I
first began listening to John Foxx’s music just
after he ended his three-album tenure as leader of Ultravox.
I went halves on these albums (the eponymous debut,
Ha!-Ha!-Ha! and Systems Of Romance)
with my best friend and we took possession on alternate
fortnights of the vinyl album. I still know all the
lyrics off by heart, but lost track of Foxx’s
solo career after 1985’s In Mysterious Ways.
Cathedral Oceans is the first time I’ve
heard this latest stage of Foxx’s career, apart
from witnessing a guest appearance at his friend, Harold
Budd’s farewell concert in Brighton last year.

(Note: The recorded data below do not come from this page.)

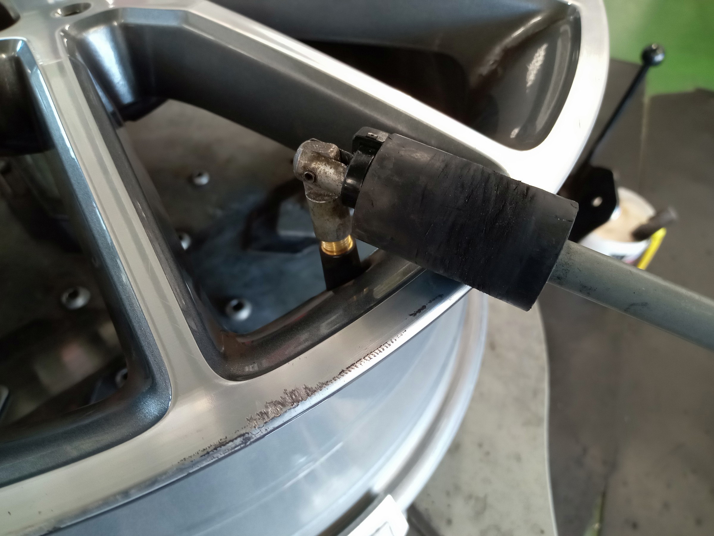 これまで使用されていたタイヤをリム解きし、バルブの交換を行いますが、ホイールのバルブホール部分が深く掘られているため、ノーマルの高さのバルブだと、空気圧調整時のバルブの開け締めが難しくなります。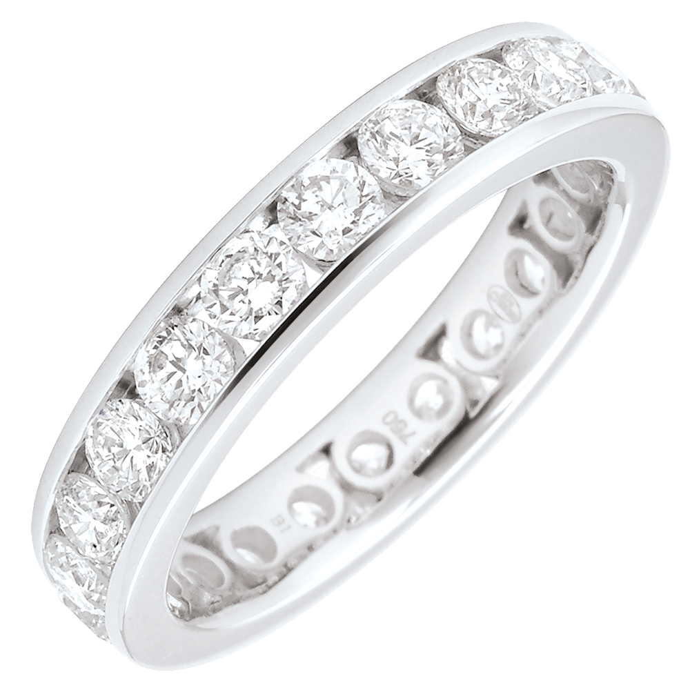 The perfect balance of a white golden ring paved with 23 round diamonds set on rails for a strong symbolism. A must jewel.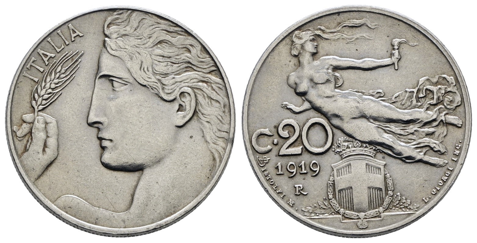 REGNO D'ITALIA. Vittorio Emanuele III (1900-1943). 20 centesimi 1919"Libertà librata". Ni; 4gr; Gig. 200; NC; Q.SPL

Cathedral Oceans III can trace its lineage
back to a track on Foxx’s second solo album, The
Garden: Pater Noster was a setting of
a Latin mass to a disco beat and was far more successful
than such a description might suggest. With titles such
as City Of Endless Stairways, Serene Velocity
and Through Gardens Overgrown, it would be
hard to envisage music that was anything other than
ethereal and haunting. In its stilled atmospheres and
sense of vast, reverberating spaces, Cathedral Oceans
III also suggests echoes of Just For A Moment,
the concluding track on Ultravox’s final, Foxx-helmed
album, Systems Of Romance. That piece centred
upon an unexpected moment of disjunction, balanced on
either side by a sense of wondering otherness.

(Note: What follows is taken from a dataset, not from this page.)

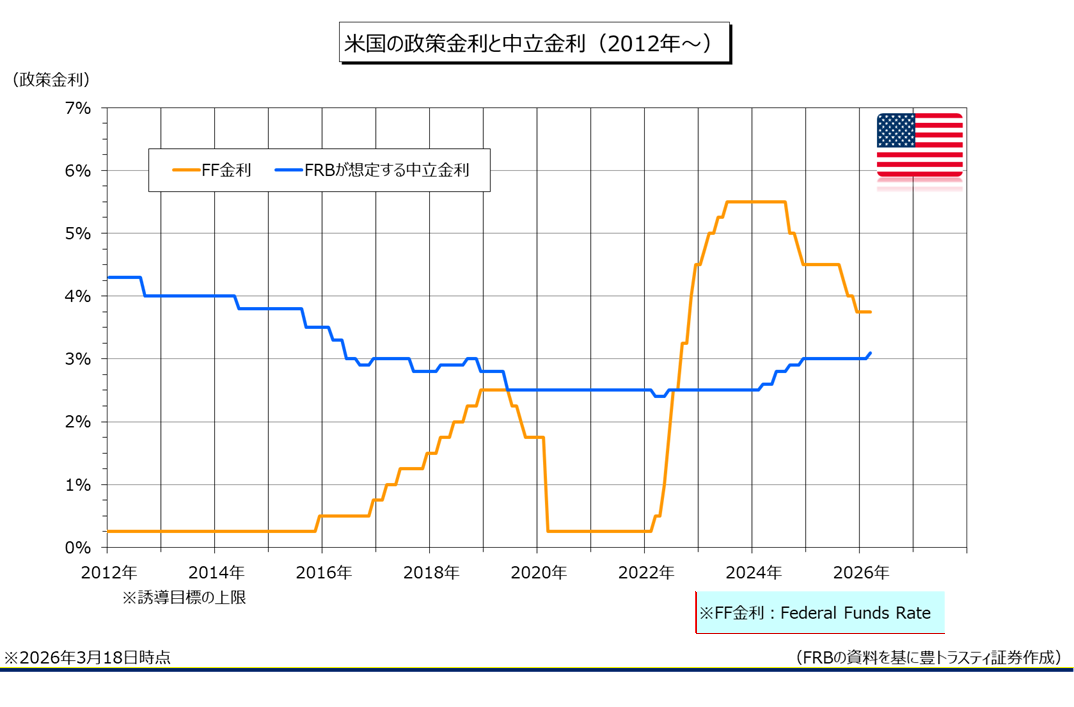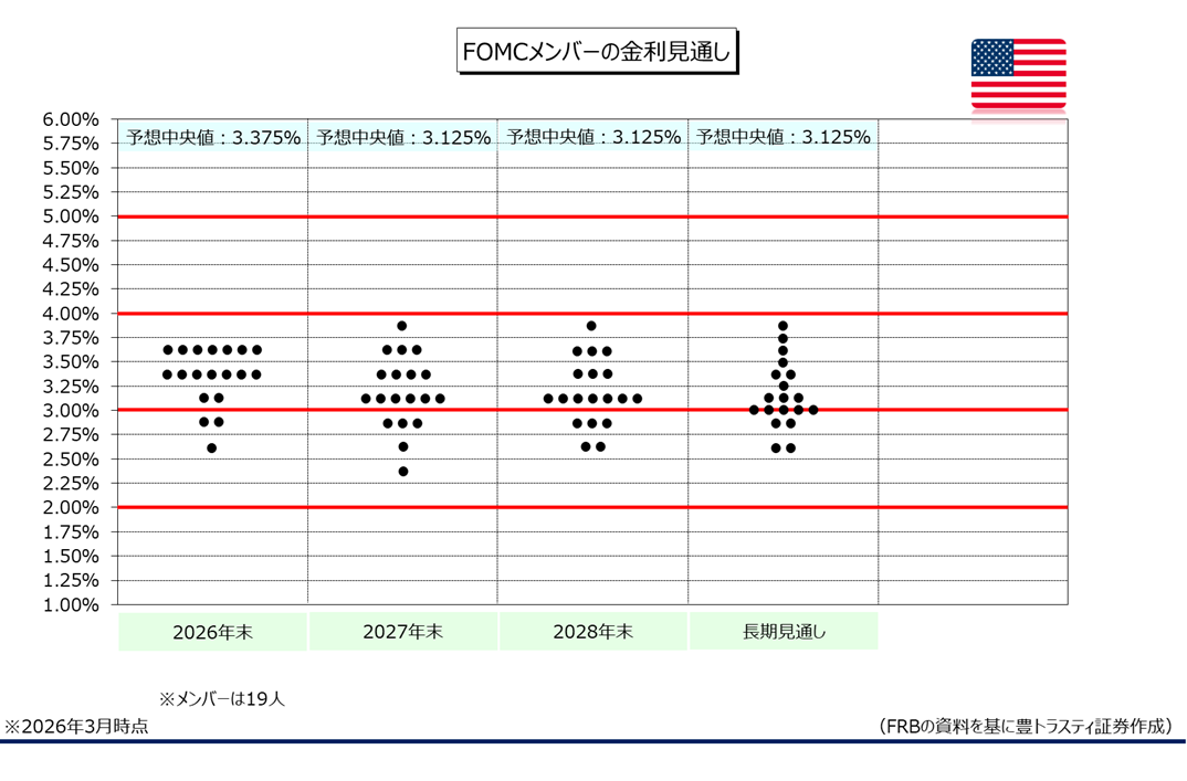 なお、2027年末のFF金利見通し中央値は年3.125%と、年1回の利下げを想定(昨年12月時点の見通しは年3.125%、年1回の利下げを想定)、2028年末のFF金利見通し中央値は年3.125%(昨年12月時点の見通しは年3.125%)、長期見通し(景気を熱しも冷やしもしない「中立金利」)は3.125%(昨年12月時点の見通しは3.000%)となっております。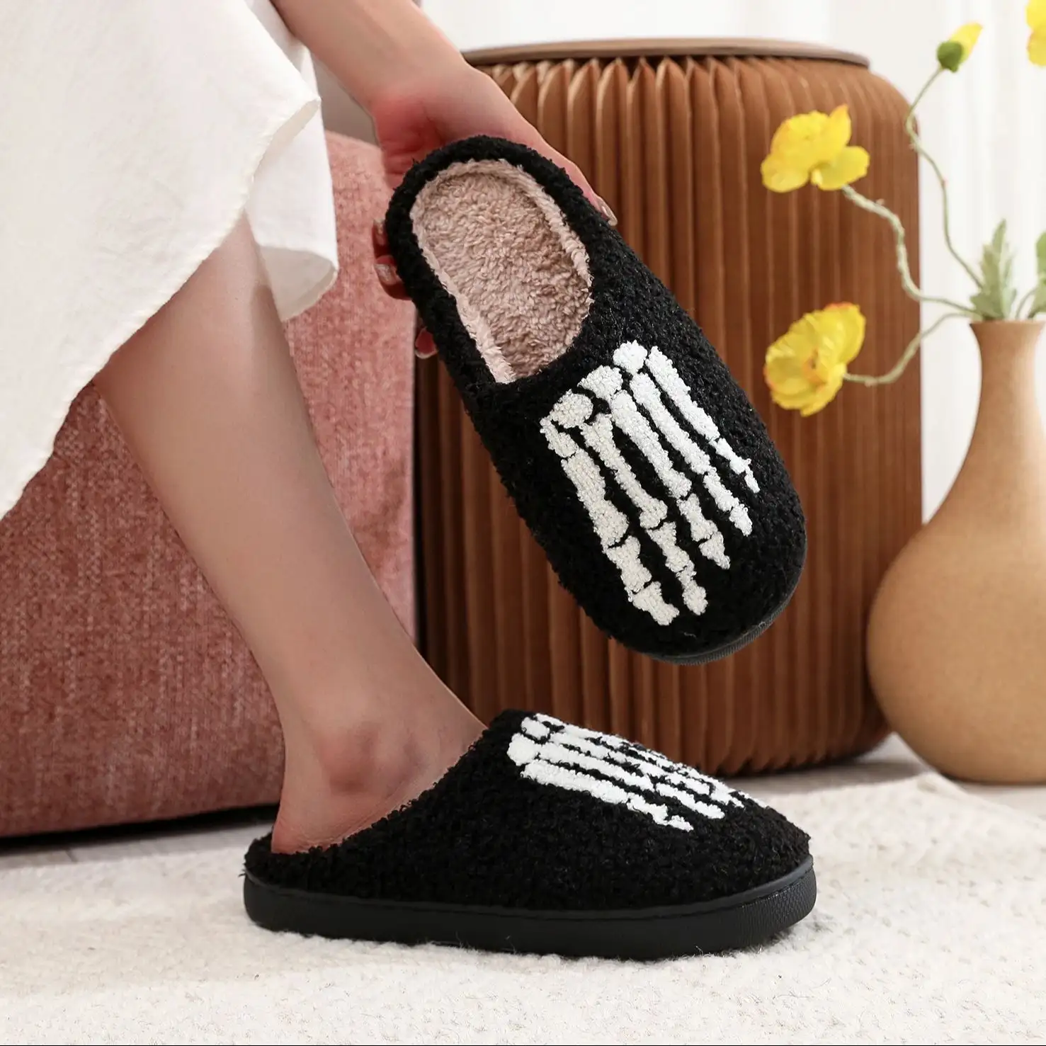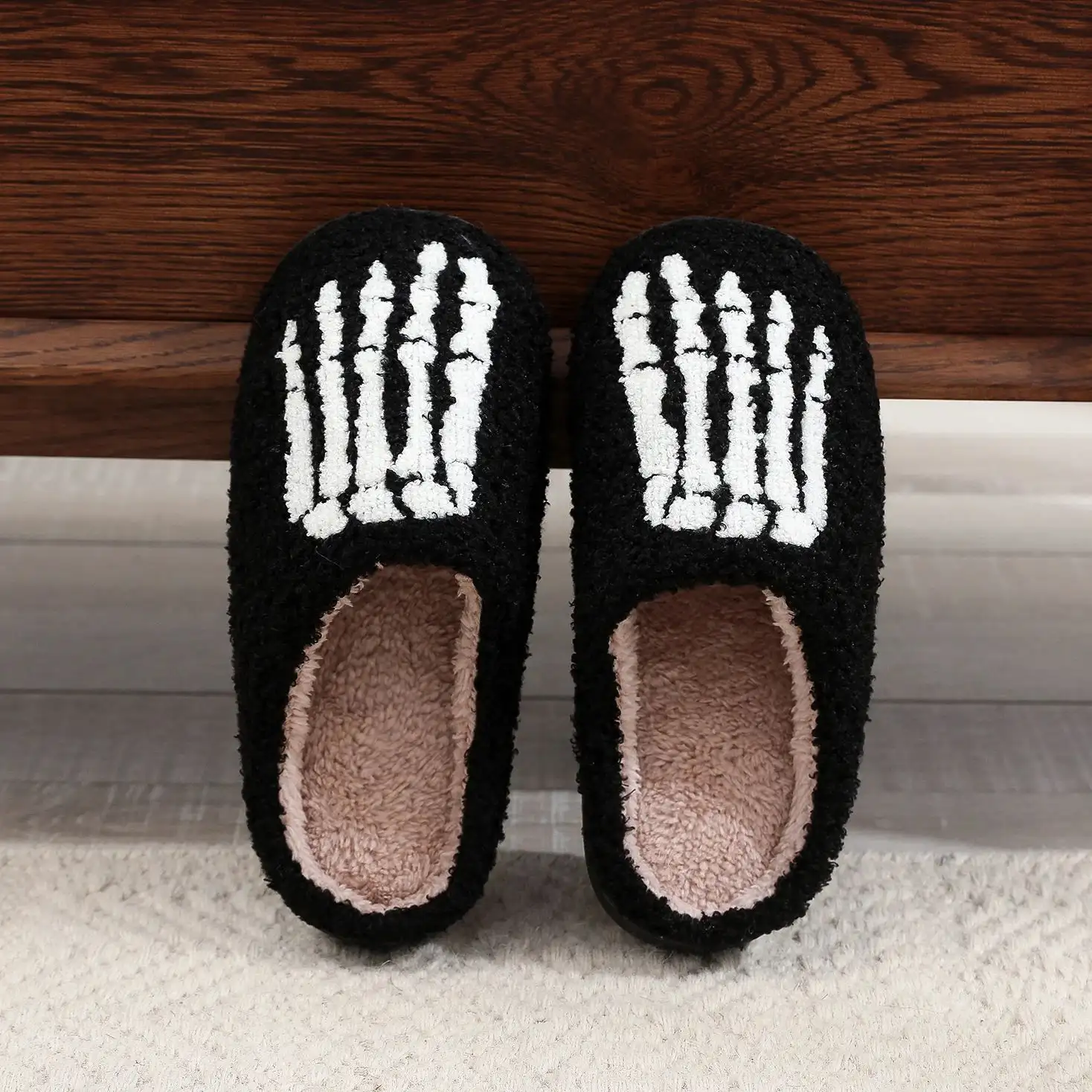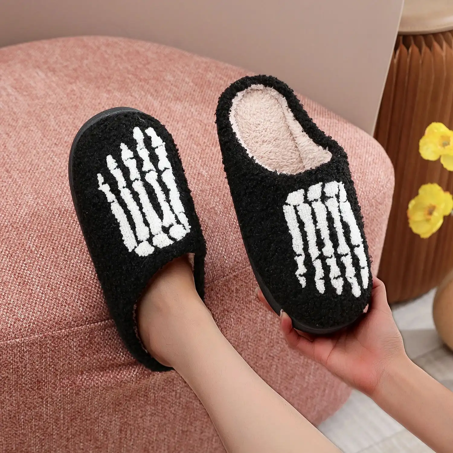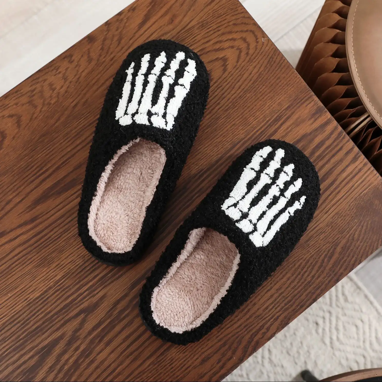 Dark Style Home Platform Cozy Fur Cotton Slippers Warm Non-slip Indoor Slipper Women Halloween Gift

Beatless and spectral though it is, Cathedral Oceans
III is not ambient in the traditional sense. There’s
too great a sense of the melodic, as though each song
were a cloud of pollen or a distilled essence that’s
been alchemically siphoned from an original, less fluid
structure. John Foxx has in the past steered clear of
reference to any specific religious belief, preferring
instead to talk of the wonder of the artistic impulse
in the experience of church architecture, but the depth
of the references here makes me wonder whether he has
discovered some form of faith now. Whether or not that’s
the case, Foxx shares with Harold Budd (and Brian Eno)
an unabashed love of the musically beautiful. Here is
the wistful breath, the early morning mist, the transfiguring
sunset. For this listener, it feels like a homecoming.